The simulation's power derives from its exposure of "forbidden fruit" information - data invisible to production algorithms but invaluable for learning. Trace events record not only the values returned by read operations but also whether each read was fresh or stale, what the latest value was if a stale read occurred, which logic was triggered based on the (possibly stale) read, which write operations failed due to version conflicts, and which system invariants were violated as a consequence. This rich feedback enables agents to establish cause-and-effect relationships: they observe not merely that invariants failed, but precisely why they failed - because the algorithm made decisions based on a stale view of system state.

3.4 Protocol Minimalism as Design Foundation

The effectiveness of agent-driven design through simulation depends critically on protocol simplicity. The Resonate protocol, after three years of iterative reduction, centers on just two primitives: durable promises and durable tasks. This minimalism was not a starting point but a finish line - achieved through systematic elimination of abstractions, erasure of unnecessary properties, and breaking of extraneous relationships.

Simplicity proves essential because even minimal concurrent distributed protocols exhibit complex state and behavior spaces. The design question becomes: how can the protocol be expressed using only target platform primitives - queues, key-value stores, and delayed messages - while maintaining correctness under partial failure? The constrained primitive set forces design discipline while the simulation environment enables validation that correctness properties hold even when reads are stale and writes conflict. Agents can explore this design space systematically, proposing algorithms and receiving immediate, causally-informative feedback about failures.

4. Technical Insights

4.1 Simulation Architecture and Implementation

The deterministic simulation environment implements a versioned key-value store abstraction that mirrors NATS.io behavior. Each key maintains a version counter that increments with successful writes. Read operations invoke the deterministic random generator to decide whether to return the current version or an earlier one. Write operations specify both the key and the version observed during the preceding read; writes succeed only if that version remains current, otherwise raising an exception to signal a concurrent modification.
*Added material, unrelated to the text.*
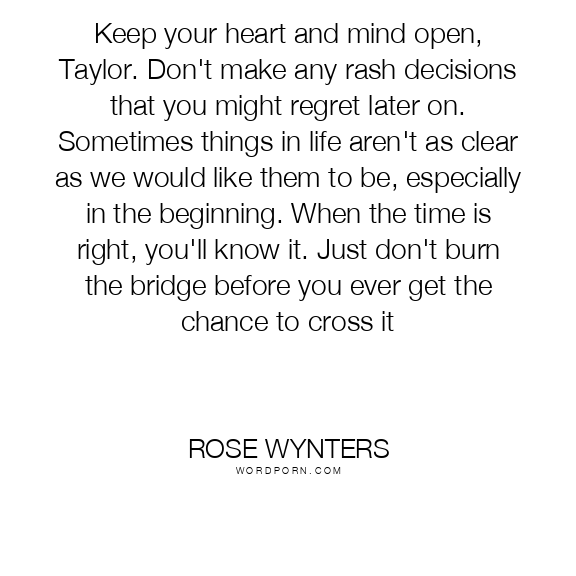 Keep your heart and mind open, Taylor. Don't make any rash decisions that you might regret later on. Sometimes things in life aren't as clear as we would like them to be, especially in the beginning. When the time is right, you'll know it. Just don't burn the bridge before you ever get the chance to cross it

This architecture enables systematic exploration of concurrency scenarios. By controlling the random seed, developers and agents can reproduce specific interleavings of operations that expose race conditions or incorrect handling of stale data. The trace events generated during simulation provide unprecedented visibility: for each operation, the trace records the operation type, the value returned, whether the return was fresh or stale, the actual current value if different, and any invariant violations that resulted from subsequent actions taken based on the (possibly stale) data.

4.2 Implementation Trade-offs and Limitations

The four-stage methodology introduces additional artifacts and process steps compared to direct implementation. Each stage requires validation: abstract specifications must be verified for completeness, simulation implementations must be tested for determinism and platform fidelity, concrete specifications must be checked for correct mapping to target primitives, and final implementations must be validated against both specifications and real-world conditions.
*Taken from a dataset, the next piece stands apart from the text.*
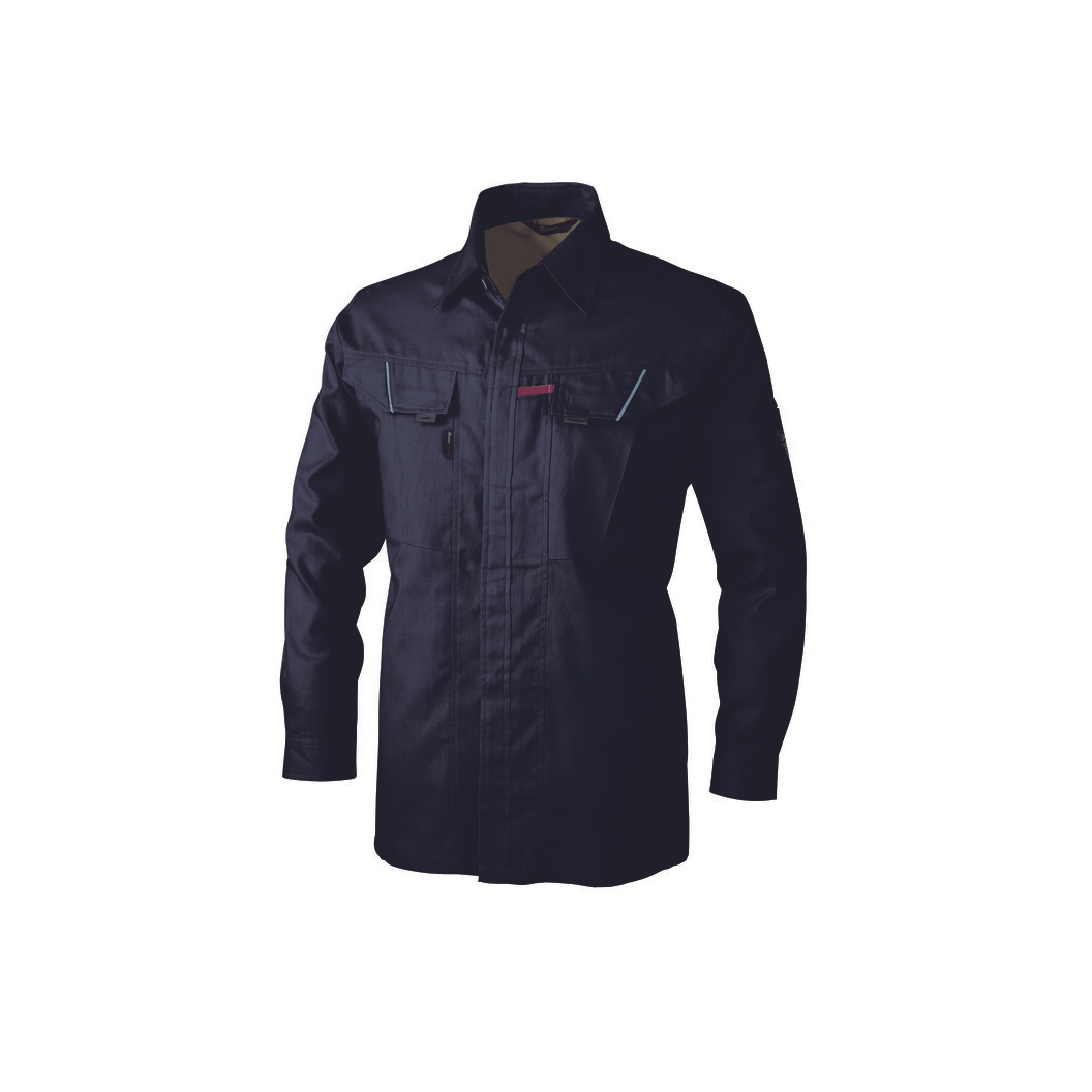 ボタンを隠し、外に出ない仕様にすることで周りのモノを傷つけにくい安心設計の作業服です。

Furthermore, the simulation environment's value depends on its fidelity to target platform behavior. If the simulation's consistency model diverges from actual platform semantics - for example, if it permits stale reads that the real platform guarantees are fresh, or vice versa - agents may learn incorrect lessons about which algorithms are safe. Maintaining simulation fidelity as target platforms evolve requires ongoing investment in the simulation infrastructure itself.

4.3 Reusability and Value Migration

The methodology fundamentally alters where value resides in software products. As implementations become generatable from specifications, the specification - not the implementation - becomes the reusable artifact. A single abstract specification can yield multiple bespoke implementations for different infrastructure contexts: one targeting NATS.io, another for AWS services, a third for Google Cloud Platform primitives. Each implementation is minimal, containing only the extensions necessary for that specific infrastructure rather than general-purpose abstraction layers attempting to accommodate all possible targets.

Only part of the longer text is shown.